Fed Minutes Reveal More Hawkish Plans to Combat Inflation
- The minutes from the Federal Open Market Committee’s (FOMC) March 15-16 meeting showed that many officials would have preferred a 50-basis point increase to the federal funds rate but ultimately judged a 25-basis point hike more appropriate given heightened uncertainty involving the Russian invasion of Ukraine. Still, many participants noted that one or more 50-basis point increases may be appropriate at future meetings if inflation remained well above the committee’s target. On the topic of balance sheet runoff, “participants generally agreed that monthly caps of about $60 billion for Treasury securities and about $35 billion for agency MBS would likely be appropriate,” phased in over a three-month period.
- The ISM Manufacturing Index declined 1.5 points to 57.1 in March, its lowest level since September 2020. Any reading above 50 indicates an expansion. The headline decline was driven by a 7.9-point drop in the new orders index to 53.8 and a 4.0-point fall in the production index to 54.5. The employment index increased 3.4 points to 56.3, its highest level since March 2021. The prices paid index jumped 11.5 points to 87.1, its highest level since June 2021.
- The ISM Services Index rose 1.8 points to 58.3 in March, the first increase in four months. The new orders index increased 4.0 points to 60.1 and the employment index moved back above the expansionary threshold of 50, rising 5.5 points to 54.0. The prices paid index was up 0.7 points to 83.8, just one-tenth below its record set in December 2021 and its sixth consecutive month above 80.
- Factory orders fell 0.5 percent in February, the first monthly decline since April 2021, according to the Census Bureau. However, excluding transportation equipment, which fell 5.3 percent, new orders were up 0.4 percent, while nondurable goods orders increased 1.2 percent. Shipments increased 0.6 percent and unfilled orders rose 0.4 percent.
- Light vehicle sales declined 4.6 percent in March to a seasonally adjusted annualized rate of 13.6 million, according to Autodata. The sales rate is about 21 percent lower than the level in March 2019.
- Consumer (non-mortgage) credit outstanding increased by $41.8 billion in February, according to the Federal Reserve Board. Revolving credit (largely credit cards) increased by $18.0 billion to the highest level in two years. Non-revolving credit (largely auto and student loans) increased by $23.8 billion.
- The real goods U.S. trade deficit narrowed by $1.6 billion in February, according to the Census Bureau. Real exports declined 0.8 percent, while real imports were down 1.0 percent.
The minutes from the March FOMC meeting were noticeably more hawkish than previous communications. If not for the Russian invasion of Ukraine, we believe a 50-basis point hike in the federal funds rate was likely in March and, according to the minutes, there is support among FOMC participants for one or more 50-basis point hikes in the future. A 50-basis point hike in May is in line with the market’s expectations, and we see it as increasingly likely as well. Further, the balance sheet runoff could begin as early as next month. However, given that the recent jump in mortgage rates will lead to a lower rate of prepayment, we believe the Fed is unlikely to be able to consistently hit their $35 billion per month cap on MBS maturing, raising the possibility for outright sales of agency MBS. Though the precise impact of quantitative tightening on long-term rates is difficult to predict, if the Fed begins actively selling off MBS, the spread between the 30-year mortgage rate and 10-year treasury (primary-secondary spread) would likely remain wide or widen further to attract more private investors (the spread began the month around 130 basis points, above the historical average). Therefore, we expect mortgage rates will remain elevated in 2022, which will likely weigh on our outlook of purchase activity as affordability continues to worsen.
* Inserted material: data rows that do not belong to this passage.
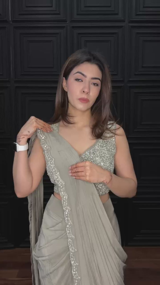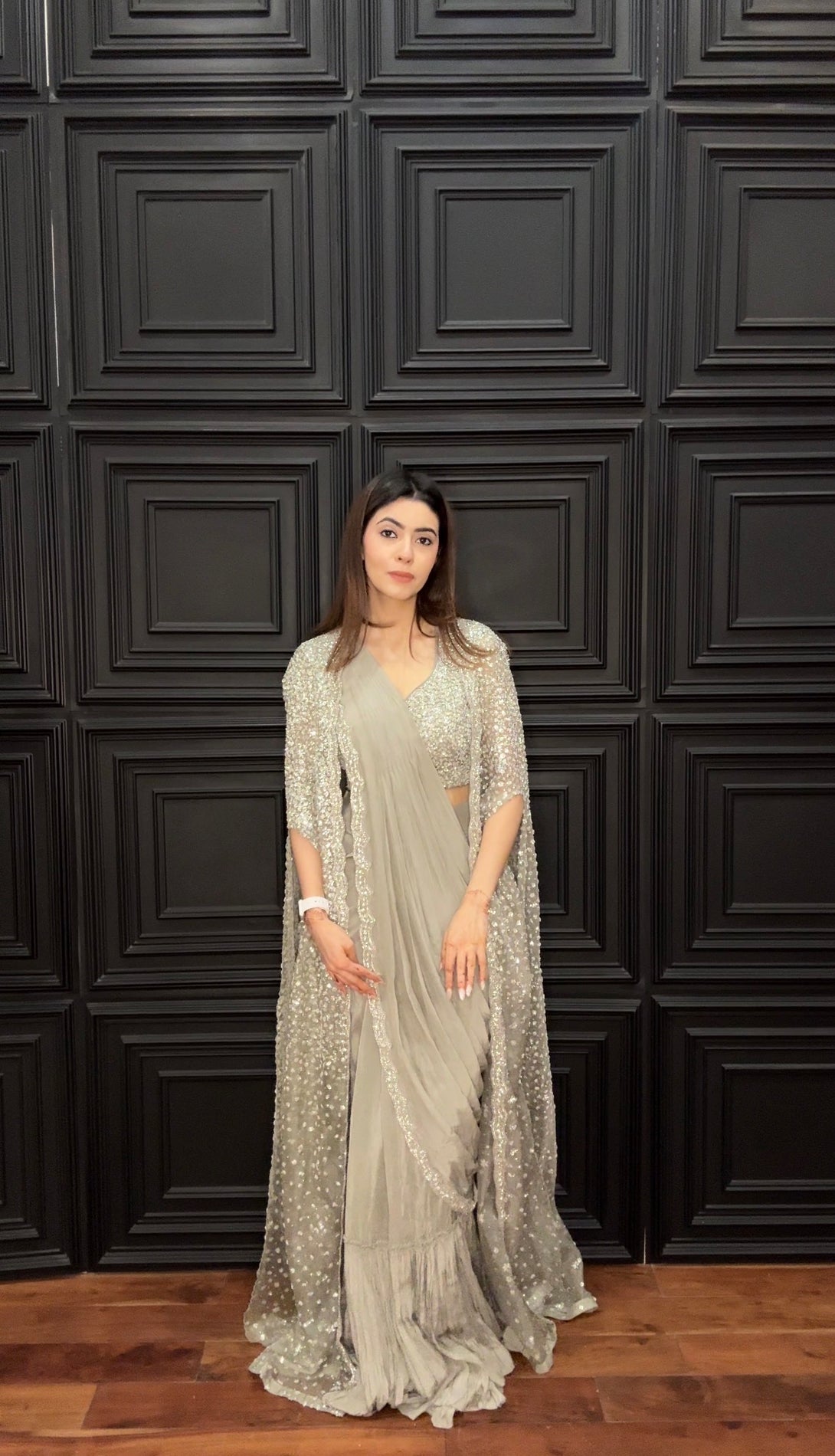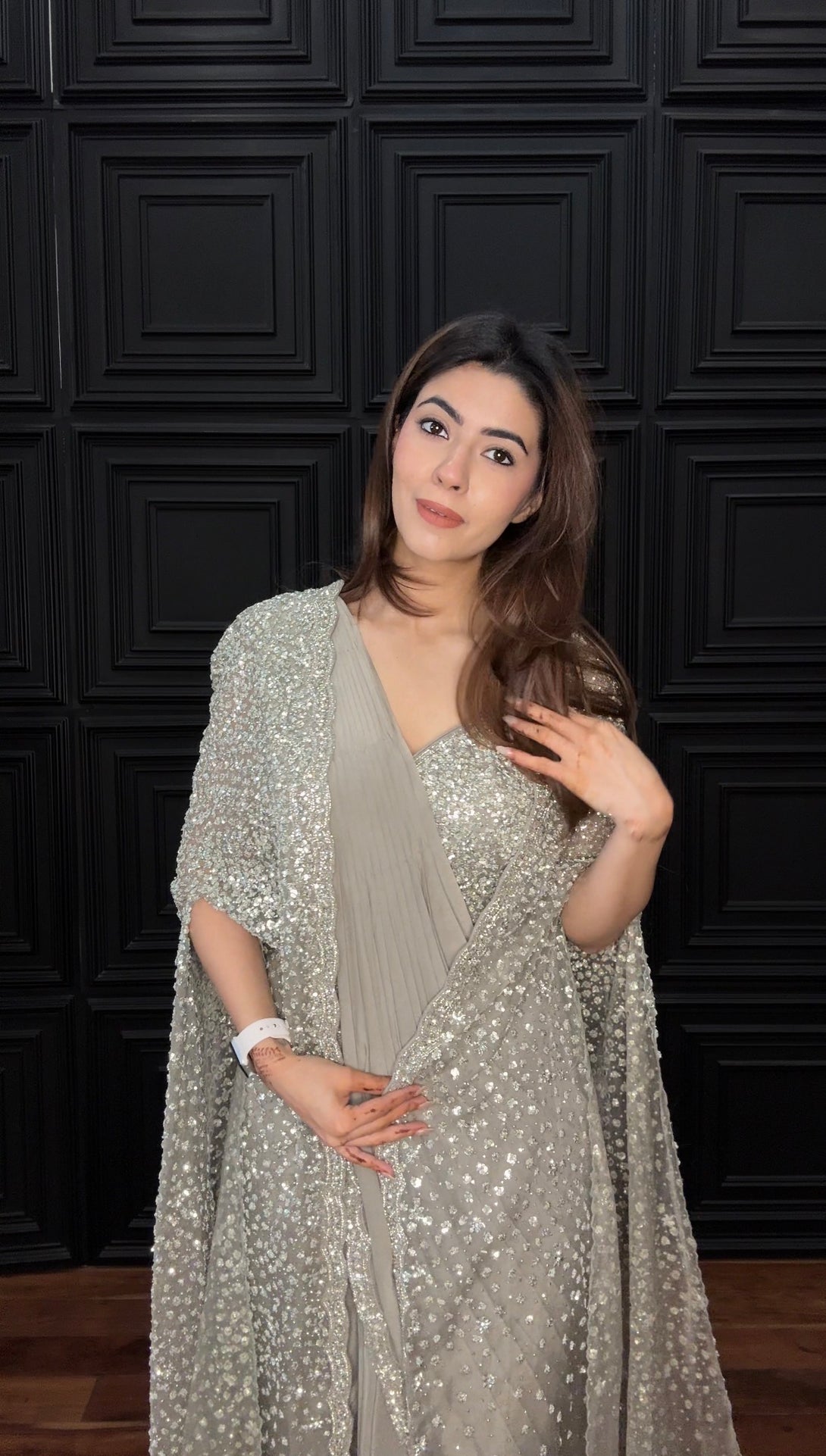 Colour: Silver Grey Fabric: Georgette Drape with Fully Hand-Embroidered Sequin Cape & Blouse Components: Embroidered Cape, Sequin Blouse, Pre-Draped Saree Delivery...
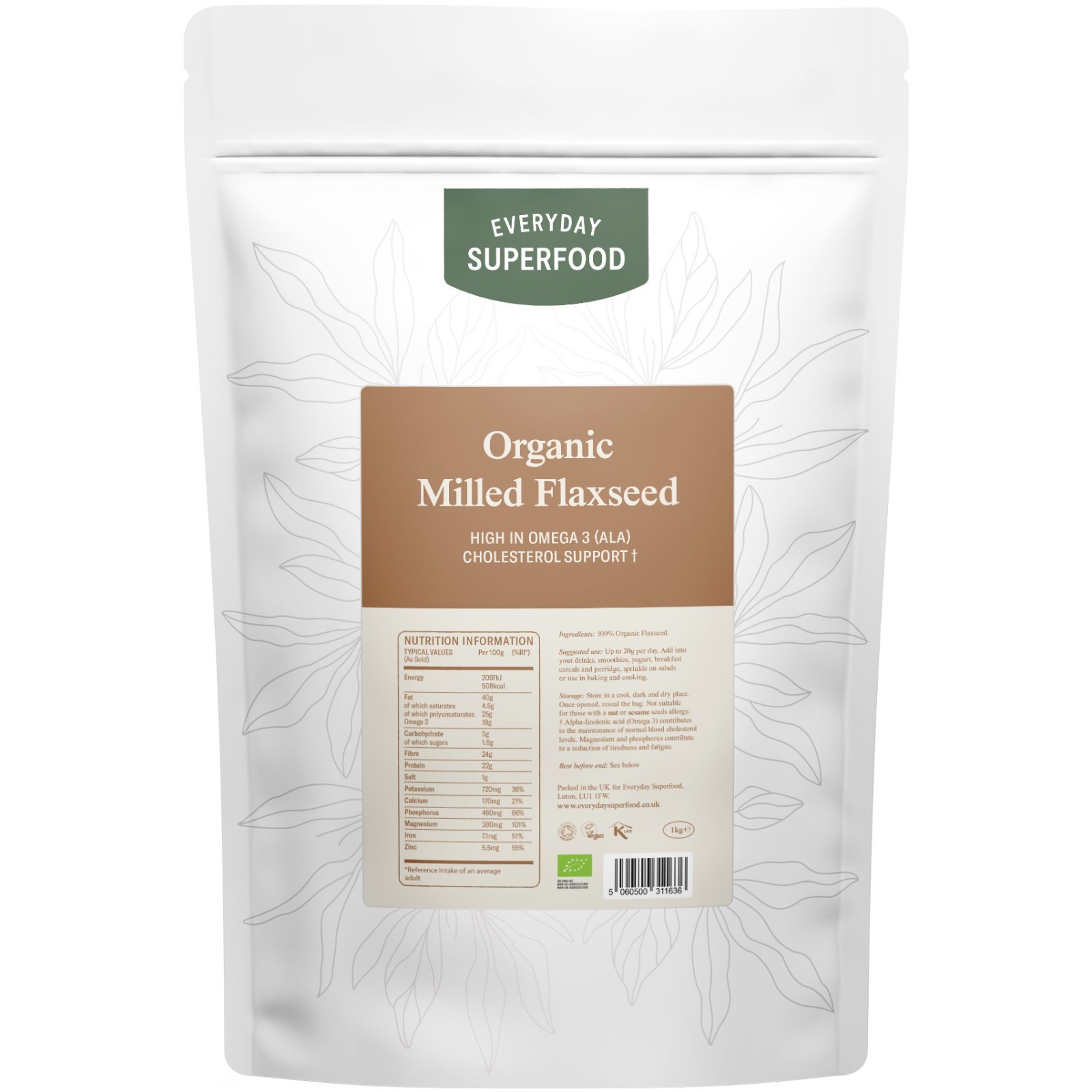 Milled Flaxseed Organic Ground Flaxseed 1kg | Cold Milled Linseed Raw Flax Seed
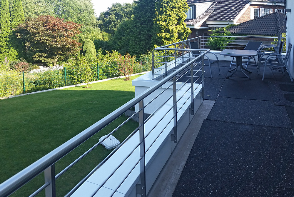 In Mülheim ist der Balkon einer Villa jetzt auch vom Garten aus über eine Treppe zu erreichen. Das Edelstahlgeländer in Kombination mit Bankiraiholz wirken sehr elegant. Insgesamt wurden 61m Edelstahlgeländer auf zwei Etagen verbaut.
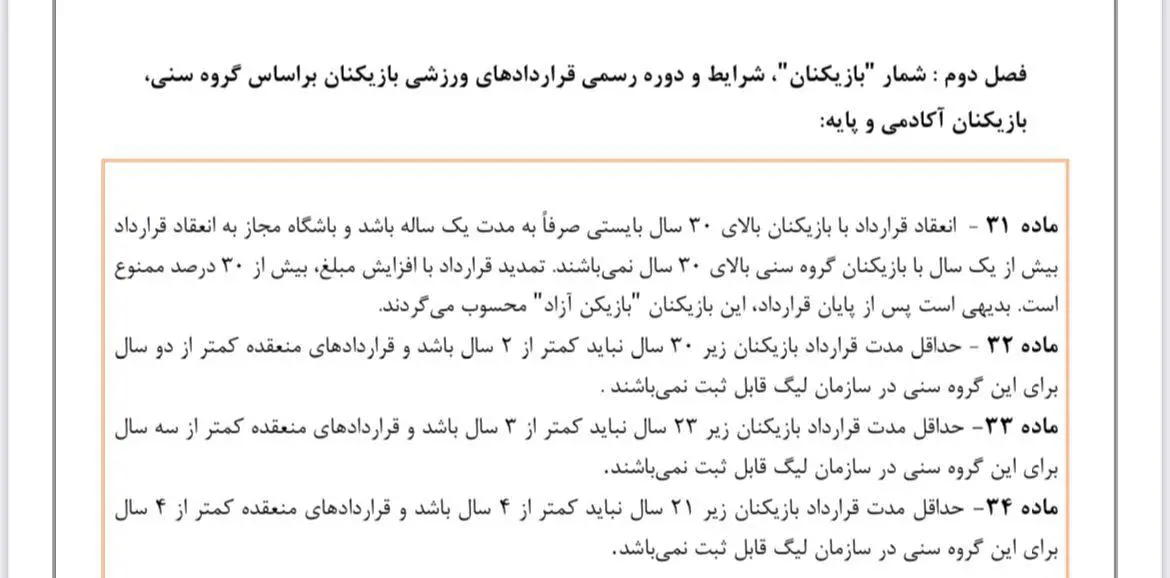 «حداقل مدت قرارداد بازیکنان زیر ۱۹ سال نباید کمتر از چهار سال باشد و قراردادهای منعقده کمتر از ۴ سال برای این گروه سنی در سازمان لیگ قابل ثبت نیست.»

The ISM indices remained in expansion territory and are supportive of solid near-term business investment of around 8 percent annualized in Q1, in line with our current forecast. However, the manufacturing prices paid index jumped, reflecting a surge in commodity prices as a result of the Russian invasion in Ukraine, supportive of our forecast of a surge in near-term inflation. Further, the auto industry continues to struggle to match their pre-pandemic sales level given continued production disruptions. We had previously forecast new car prices to begin to modestly decline by the end of the year as supply caught up with pent-up demand, though this outlook may need to be pushed back further given the disappointing early sales numbers. Higher prices are also weighing on consumers’ balance sheets, as consumer credit outstanding jumped above consensus expectations. In the near term, consumers are unable to meaningfully cut back on food and energy consumption, forcing them to dip into savings or utilize credit. While household balance sheets currently remain strong, higher prices will increasingly weigh on real consumption growth.